[PROVIDED ENTRIES — start]

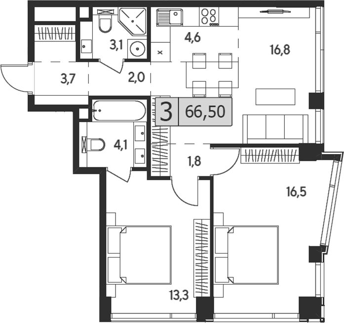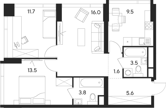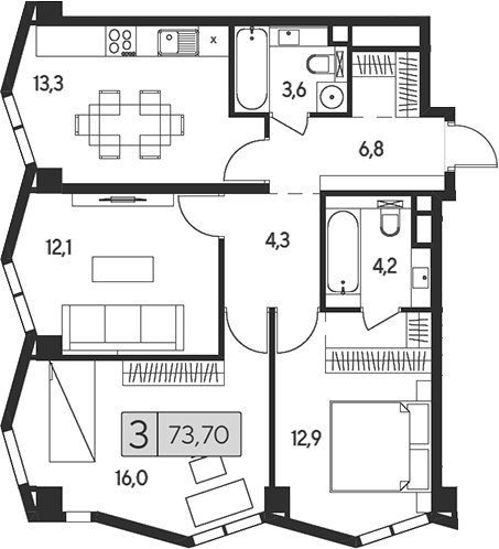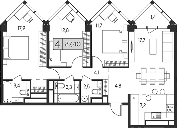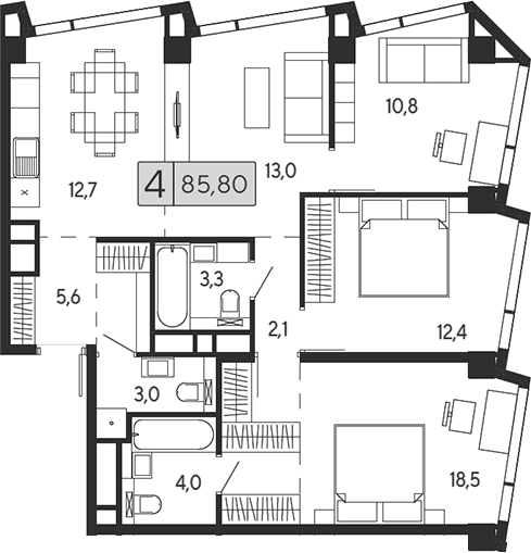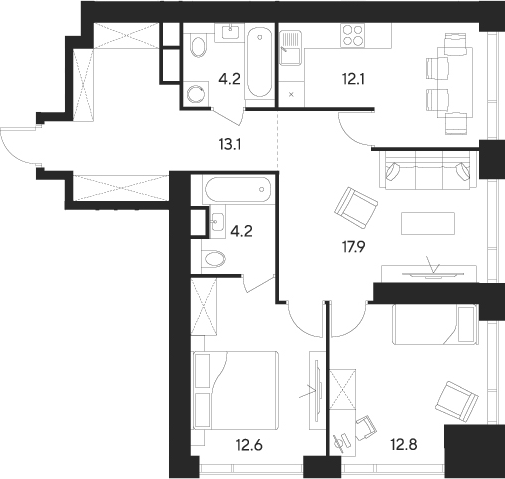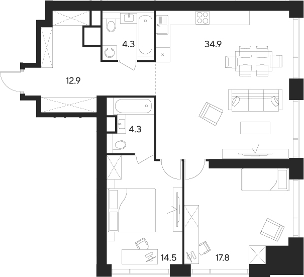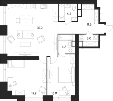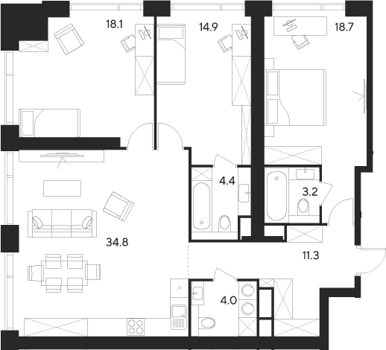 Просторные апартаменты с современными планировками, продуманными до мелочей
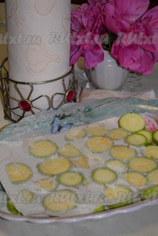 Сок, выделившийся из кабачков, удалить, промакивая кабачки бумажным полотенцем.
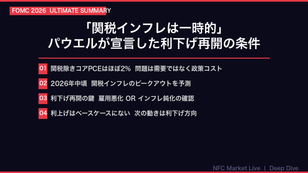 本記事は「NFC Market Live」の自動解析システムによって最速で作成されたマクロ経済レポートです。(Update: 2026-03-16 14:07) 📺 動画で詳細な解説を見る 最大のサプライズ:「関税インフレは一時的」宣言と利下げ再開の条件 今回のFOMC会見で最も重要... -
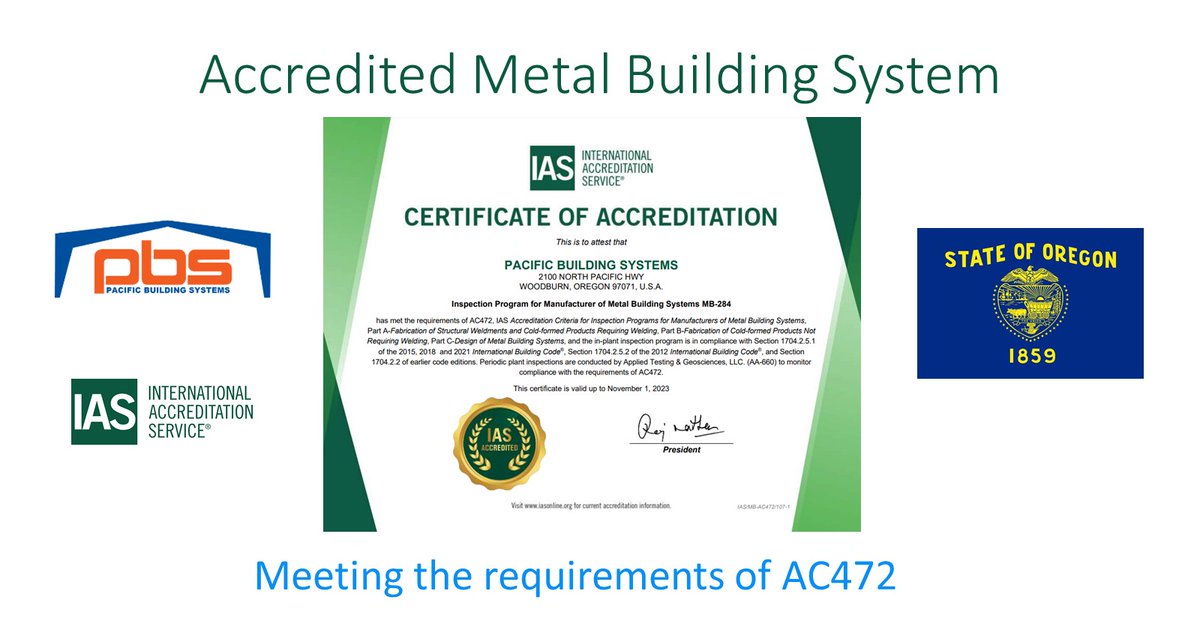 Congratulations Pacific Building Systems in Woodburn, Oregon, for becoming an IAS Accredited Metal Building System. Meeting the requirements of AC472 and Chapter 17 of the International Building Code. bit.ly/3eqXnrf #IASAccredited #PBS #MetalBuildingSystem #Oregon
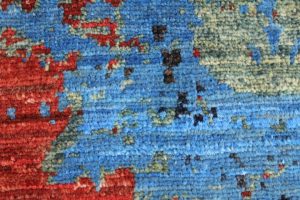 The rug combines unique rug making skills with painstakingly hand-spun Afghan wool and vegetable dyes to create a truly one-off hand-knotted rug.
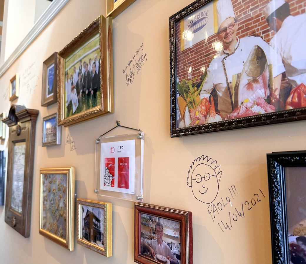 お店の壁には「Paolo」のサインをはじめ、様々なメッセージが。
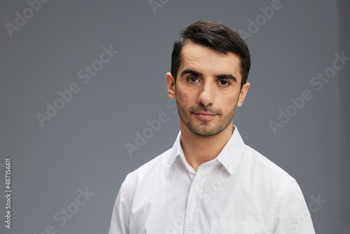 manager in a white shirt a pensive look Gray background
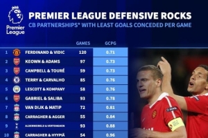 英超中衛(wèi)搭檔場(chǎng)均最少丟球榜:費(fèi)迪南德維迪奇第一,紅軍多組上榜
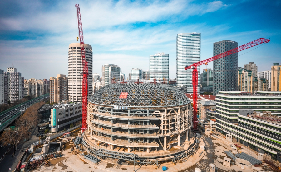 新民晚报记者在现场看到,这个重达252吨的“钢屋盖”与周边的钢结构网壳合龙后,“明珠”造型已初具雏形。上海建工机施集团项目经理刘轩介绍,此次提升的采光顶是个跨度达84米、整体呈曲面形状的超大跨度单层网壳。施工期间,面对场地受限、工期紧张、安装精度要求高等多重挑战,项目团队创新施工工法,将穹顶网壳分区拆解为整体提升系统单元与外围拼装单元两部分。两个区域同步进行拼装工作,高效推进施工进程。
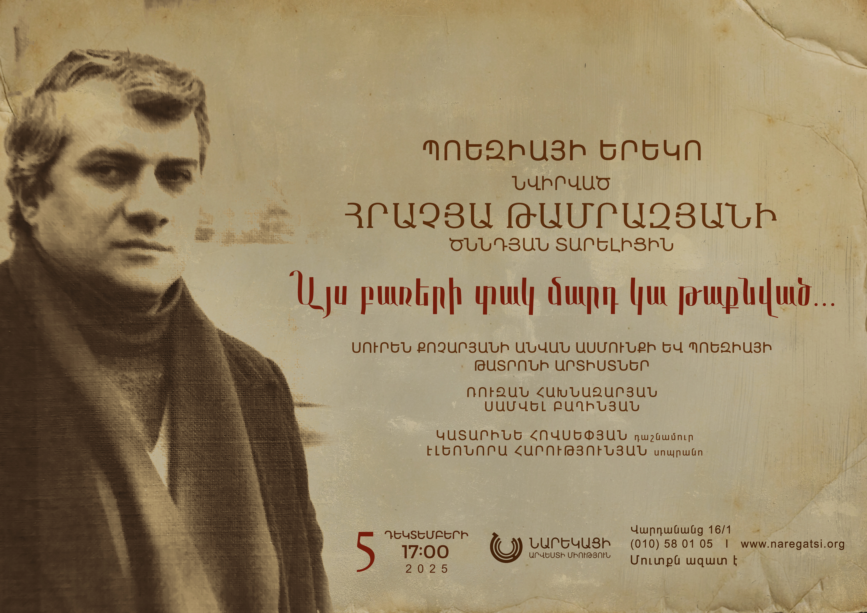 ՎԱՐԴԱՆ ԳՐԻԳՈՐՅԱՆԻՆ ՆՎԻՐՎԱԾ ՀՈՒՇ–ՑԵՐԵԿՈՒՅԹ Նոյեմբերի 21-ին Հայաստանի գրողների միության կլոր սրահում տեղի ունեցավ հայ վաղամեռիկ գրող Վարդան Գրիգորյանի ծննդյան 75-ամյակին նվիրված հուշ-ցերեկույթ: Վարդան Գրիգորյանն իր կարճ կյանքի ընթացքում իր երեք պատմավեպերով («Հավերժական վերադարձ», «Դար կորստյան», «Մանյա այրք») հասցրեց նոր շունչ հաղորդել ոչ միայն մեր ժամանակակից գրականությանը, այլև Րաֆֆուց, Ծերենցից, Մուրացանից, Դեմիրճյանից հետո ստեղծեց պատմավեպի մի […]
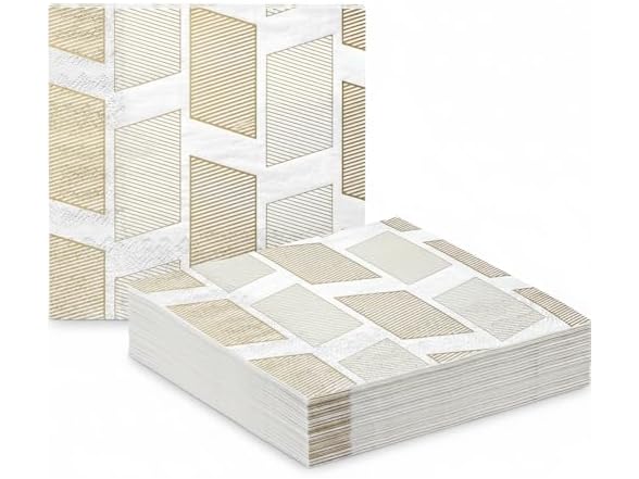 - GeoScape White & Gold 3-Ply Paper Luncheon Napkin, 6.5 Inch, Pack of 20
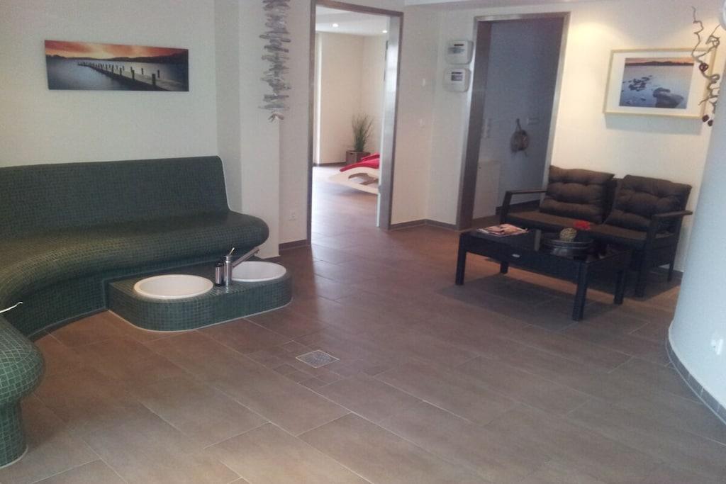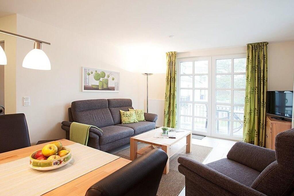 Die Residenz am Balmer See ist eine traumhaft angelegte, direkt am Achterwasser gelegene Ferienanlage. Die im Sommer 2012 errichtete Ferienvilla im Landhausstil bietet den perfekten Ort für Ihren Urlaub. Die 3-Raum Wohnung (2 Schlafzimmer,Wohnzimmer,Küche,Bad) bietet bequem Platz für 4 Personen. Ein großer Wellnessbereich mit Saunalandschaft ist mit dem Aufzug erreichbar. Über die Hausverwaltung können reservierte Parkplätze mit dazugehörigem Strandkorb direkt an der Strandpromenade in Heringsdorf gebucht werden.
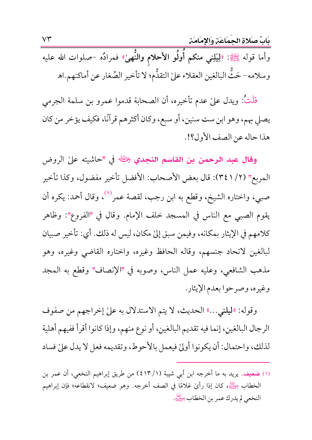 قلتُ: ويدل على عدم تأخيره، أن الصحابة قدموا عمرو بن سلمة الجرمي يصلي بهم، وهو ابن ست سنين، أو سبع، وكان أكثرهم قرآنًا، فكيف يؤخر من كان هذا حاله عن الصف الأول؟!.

[PROVIDED ENTRIES — finish]

### THE PROBLEM
Please set down, exactly and with no pictures, the lines in the entries above starting at the one holding "ՎԱՐԴԱՆ ԳՐԻԳՈՐՅԱՆԻՆ ՆՎԻՐՎԱԾ" and ending at the one holding "Die Residenz am", ends included.

### RESPONSE AREA
 ՎԱՐԴԱՆ ԳՐԻԳՈՐՅԱՆԻՆ ՆՎԻՐՎԱԾ ՀՈՒՇ–ՑԵՐԵԿՈՒՅԹ Նոյեմբերի 21-ին Հայաստանի գրողների միության կլոր սրահում տեղի ունեցավ հայ վաղամեռիկ գրող Վարդան Գրիգորյանի ծննդյան 75-ամյակին նվիրված հուշ-ցերեկույթ: Վարդան Գրիգորյանն իր կարճ կյանքի ընթացքում իր երեք պատմավեպերով («Հավերժական վերադարձ», «Դար կորստյան», «Մանյա այրք») հասցրեց նոր շունչ հաղորդել ոչ միայն մեր ժամանակակից գրականությանը, այլև Րաֆֆուց, Ծերենցից, Մուրացանից, Դեմիրճյանից հետո ստեղծեց պատմավեպի մի […]
 - GeoScape White & Gold 3-Ply Paper Luncheon Napkin, 6.5 Inch, Pack of 20
 Die Residenz am Balmer See ist eine traumhaft angelegte, direkt am Achterwasser gelegene Ferienanlage. Die im Sommer 2012 errichtete Ferienvilla im Landhausstil bietet den perfekten Ort für Ihren Urlaub. Die 3-Raum Wohnung (2 Schlafzimmer,Wohnzimmer,Küche,Bad) bietet bequem Platz für 4 Personen. Ein großer Wellnessbereich mit Saunalandschaft ist mit dem Aufzug erreichbar. Über die Hausverwaltung können reservierte Parkplätze mit dazugehörigem Strandkorb direkt an der Strandpromenade in Heringsdorf gebucht werden.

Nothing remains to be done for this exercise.